Question

A shell of radius R has a charge Q spread uniformly on its surface. The potential at the surface of the shell is

• A. kQ/R
• B. 0
• C. 2KQ/R
• D. 3kQ/2R

Answer 1

Answer: (A)

kQ/R

Answer 2

The electric potential at a distance $r$ from the center of a uniformly charged spherical shell of radius $R$ and total charge $Q$ is given by:

For $r > R$: $V(r) = \frac{1}{4\pi\epsilon_0} \frac{Q}{r}$

For $r \le R$: $V(r) = \frac{1}{4\pi\epsilon_0} \frac{Q}{R}$

We are asked to find the potential at the surface of the shell, which corresponds to $r = R$.

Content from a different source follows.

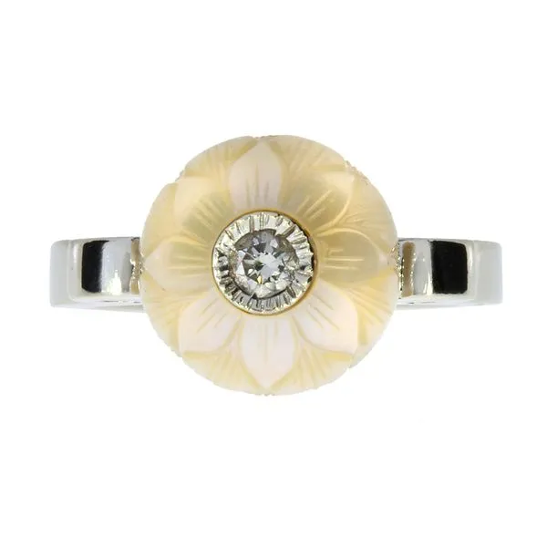 Galatia LuckDaisy Carved Pearl & Natural Diamond 14K White Gold Ring Purple Creek Holly Springs, NC

Using the formula for $r \le R$ and setting $r = R$, we get:

$V(R) = \frac{1}{4\pi\epsilon_0} \frac{Q}{R}$

Using the formula for $r > R$ and taking the limit as $r \to R^+$, we get:

$V(R) = \lim_{r \to R^+} \frac{1}{4\pi\epsilon_0} \frac{Q}{r} = \frac{1}{4\pi\epsilon_0} \frac{Q}{R}$

Both formulas give the same result at the surface.

Let $k = \frac{1}{4\pi\epsilon_0}$. Then the potential at the surface of the shell is $V(R) = k \frac{Q}{R}$.